#Tidying and Transforming Data
library(tidyr)
library(dplyr)
##
## Attaching package: 'dplyr'
## The following objects are masked from 'package:stats':
##
## filter, lag
## The following objects are masked from 'package:base':
##
## intersect, setdiff, setequal, union
library(readr)
library(ggplot2)
library(scales)
##
## Attaching package: 'scales'
## The following object is masked from 'package:readr':
##
## col_factor
Data was entered in a csv file called thomps_HW5.csv
CSV read into R from github.
url <- "https://raw.githubusercontent.com/Vthomps000/DATA607_VT/master/thomps_HW5.csv"
dfuntidy <- read_csv(url)
## Warning: Missing column names filled in: 'X1' [1], 'X2' [2]

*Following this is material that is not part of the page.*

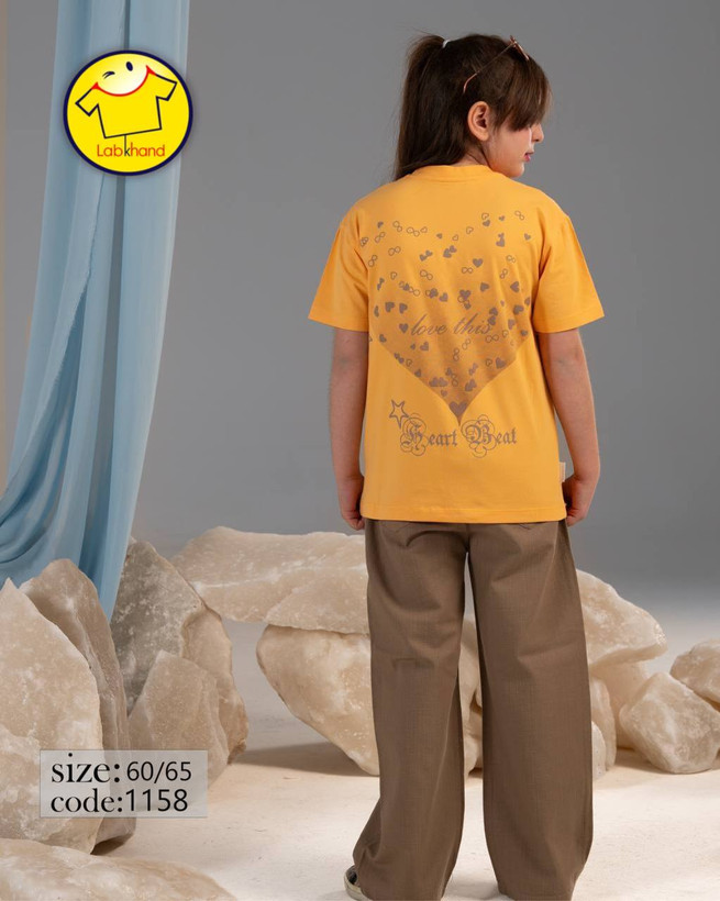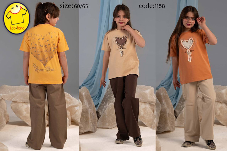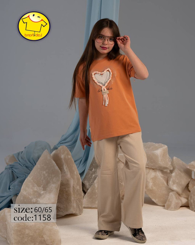 ست دخترانه بلوز و شلوار کتان بگ مدل قلب تیکه دوزیو

## Parsed with column specification:
## cols(
## X1 = col_character(),
## X2 = col_character(),
## `Los Angeles` = col_double(),
## Phoenix = col_double(),
## `San Diego` = col_double(),
## `San Francisco` = col_double(),
## Seattle = col_double()
## )
dfuntidy
## # A tibble: 5 x 7
## X1 X2 `Los Angeles` Phoenix `San Diego` `San Francisco` Seattle
## <chr> <chr> <dbl> <dbl> <dbl> <dbl> <dbl>
## 1 ALASKA on time 497 221 212 503 1841
## 2 <NA> delayed 62 12 20 102 305
## 3 <NA> <NA> NA NA NA NA NA
## 4 AM WEST on time 694 4840 383 320 201
## 5 <NA> delayed 117 415 65 129 61
tbuntidy<-tbl_df(dfuntidy)
tbuntidy
## # A tibble: 5 x 7
## X1 X2 `Los Angeles` Phoenix `San Diego` `San Francisco` Seattle
## <chr> <chr> <dbl> <dbl> <dbl> <dbl> <dbl>
## 1 ALASKA on time 497 221 212 503 1841
## 2 <NA> delayed 62 12 20 102 305
## 3 <NA> <NA> NA NA NA NA NA
## 4 AM WEST on time 694 4840 383 320 201
## 5 <NA> delayed 117 415 65 129 61
We transform the data by first reshaping a wide table to a tidy table with variables
as columns and observations as rows.
tblTidy<-gather(dfuntidy,"Destinations","Flights",3:7)
tblTidy
## # A tibble: 25 x 4
## X1 X2 Destinations Flights
## <chr> <chr> <chr> <dbl>
## 1 ALASKA on time Los Angeles 497
## 2 <NA> delayed Los Angeles 62
## 3 <NA> <NA> Los Angeles NA
## 4 AM WEST on time Los Angeles 694
## 5 <NA> delayed Los Angeles 117
## 6 ALASKA on time Phoenix 221
## 7 <NA> delayed Phoenix 12
## 8 <NA> <NA> Phoenix NA
## 9 AM WEST on time Phoenix 4840
## 10 <NA> delayed Phoenix 415
## # ... with 15 more rows
Next, we identify blanks and select all rows without blank values only, rename columns,
fill in missing info, create and match a new destination column with counts, and split
the status column.
blanks <- seq(3,nrow(dfuntidy),3)
clean <- dfuntidy %>% slice(-blanks) %>% rename("airline" = X1, "status" = X2)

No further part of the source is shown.